By way of a special interrogatory, the jury found that Mr. Tweel received no direct benefit from signing the promissory notes; therefore, he was not liable to the plaintiff.
II.
Our inquiry is to determine Mr. Tweel’s status on the two notes. Ordinarily, a party’s status or capacity on commercial paper is determined solely from the face of the instrument. Under W.Va.Code, 46-3-402 (1963), if there is ambiguity about the party’s status or capacity, the party is deemed an endorser.
We adopted this principle in Syllabus Point 1 of
First National Bank v. Linn,
168 W.Va. 76, 282 S.E.2d 52 (1981): “Under the Uniform Commercial Code, W.Va.Code, 46-3-402, unless the instrument clearly indicates that a signature is made in some other capacity, it is an indorsement.”
The official comment
to W.Va.Code, 46-3-402, elaborates on the reason for this rule, which is designed to discourage the use of parol evidence in determining a party’s status or capacity:
“The question is to be determined from the face of the instrument alone, and unless the instrument itself makes it clear that he has signed in some other capacity the signer must be treated as an indorser.
“The indication that the signature is made in another capacity must be clear without reference to anything but the instrument.... [Capacity] may be found in usage or custom. Thus, by long established practice judicially noticed or otherwise established a signature in the lower right hand comer of an instrument indicates an intent to sign as the maker of a note or the drawer of a draft.”
On the face of the two notes in question, it is clear that the defendant signed as a comaker. This was the capacity identified under his signature. Moreover, his signature appeared on the front of the note in the lower right hand corner, which, as the official comment to W.Va.Code, 46-3-402, states, is judicially noted as an intent to sign as a maker.

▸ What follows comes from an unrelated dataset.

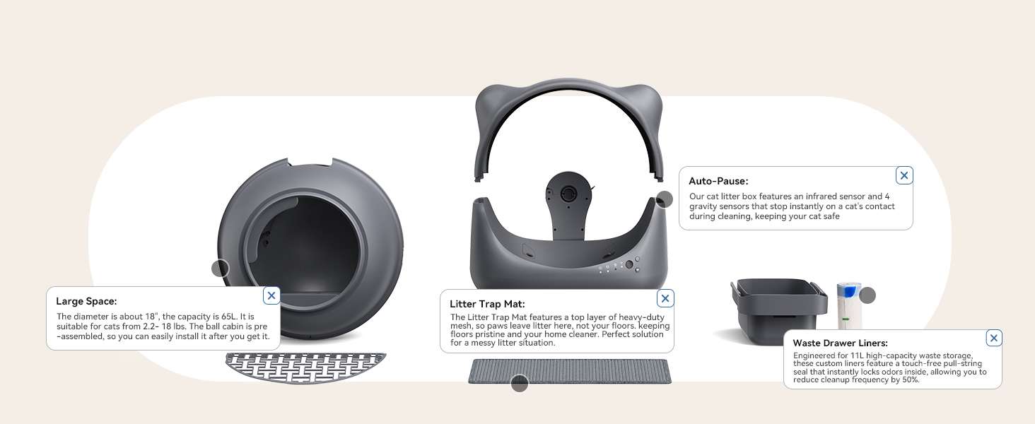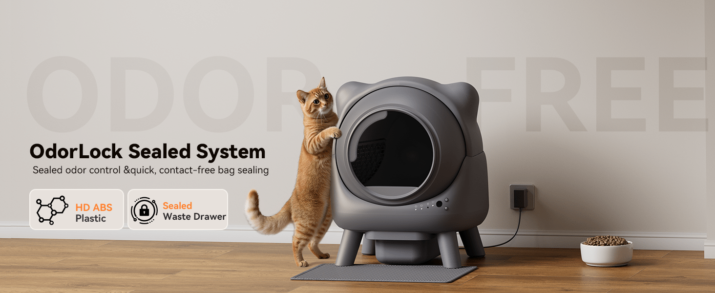 Para garantizar un ambiente puro este modelo adopta un sistema avanzado sin olor de triple capa Primero su material abs de alta calidad previene fugas de orina y atrapa los olores en su origen Segundo incluye una alfombra impermeable de tres capas con diseño antiadherente que resiste la acumulacion de desechos Finalmente el almacenamiento hermetico con junta de silicona asegura que los malos olores permanezcan completamente sellados

We explained the obligations of co-makers in Syllabus Points 2 and 3 of
Estate of Bayliss v. Lee,
173 W.Va. 299, 315 S.E.2d 406 (1984):
“2. ‘Under our law, co-obligors on a note are jointly and severally liable. If one co-obligor is required to pay the entire obligation, he may seek contribution or reimbursement from his co-obligor for fifty per centum of the amount paid.’ Syllabus Point 4,
Newton v. Dailey,
[167 W.Va. 347], 280 S.E.2d 91 (1981).
“3. The rule of equal or
pro tanto
contribution is not absolute if it can be shown that the co-obligors have by agreement made a different allocation as to their liability
inter se
or one or more of the co-obligors have received a disproportionate benefit from the transaction, then disproportionate contribution may be allowed.”
Having found Mr. Tweel to be a maker on the two notes, we must now decide whether he was only an accommodation maker. Under W.Va.Code, 46-3-415(5) (1963), an “accommodation party is not liable to the person accommodated.”
Thus, where the person accommodated, in this case Mr. Rahall, pays the entire amount owed on a promissory note, he cannot then recover from the defendant. Obviously, the defendant’s contention that he was an accommodation party, if true, would relieve him of any obligation to reimburse the plaintiff.
In Syllabus Point 6 of
Peoples Bank of Point Pleasant v. Pied Piper Retreat, Inc.,
158 W.Va. 170, 209 S.E.2d 573 (1974), we defined an accommodation party:
“An accommodation party is one who signs an instrument in any capacity for the purpose of lending his name to another party to the instrument.”
See also
W.Va.Code, 46-3-415(l).
The clearest example of this type of endorsement is where a creditor refuses to lend money to a debtor unless the debtor has someone co-sign the instrument as additional security on the debtor’s obligation.
The holding in
Peoples Bank
is derived from W.Va.Code, 46-3-415, which outlines the general rules regarding accommodation parties and their rights and obligations.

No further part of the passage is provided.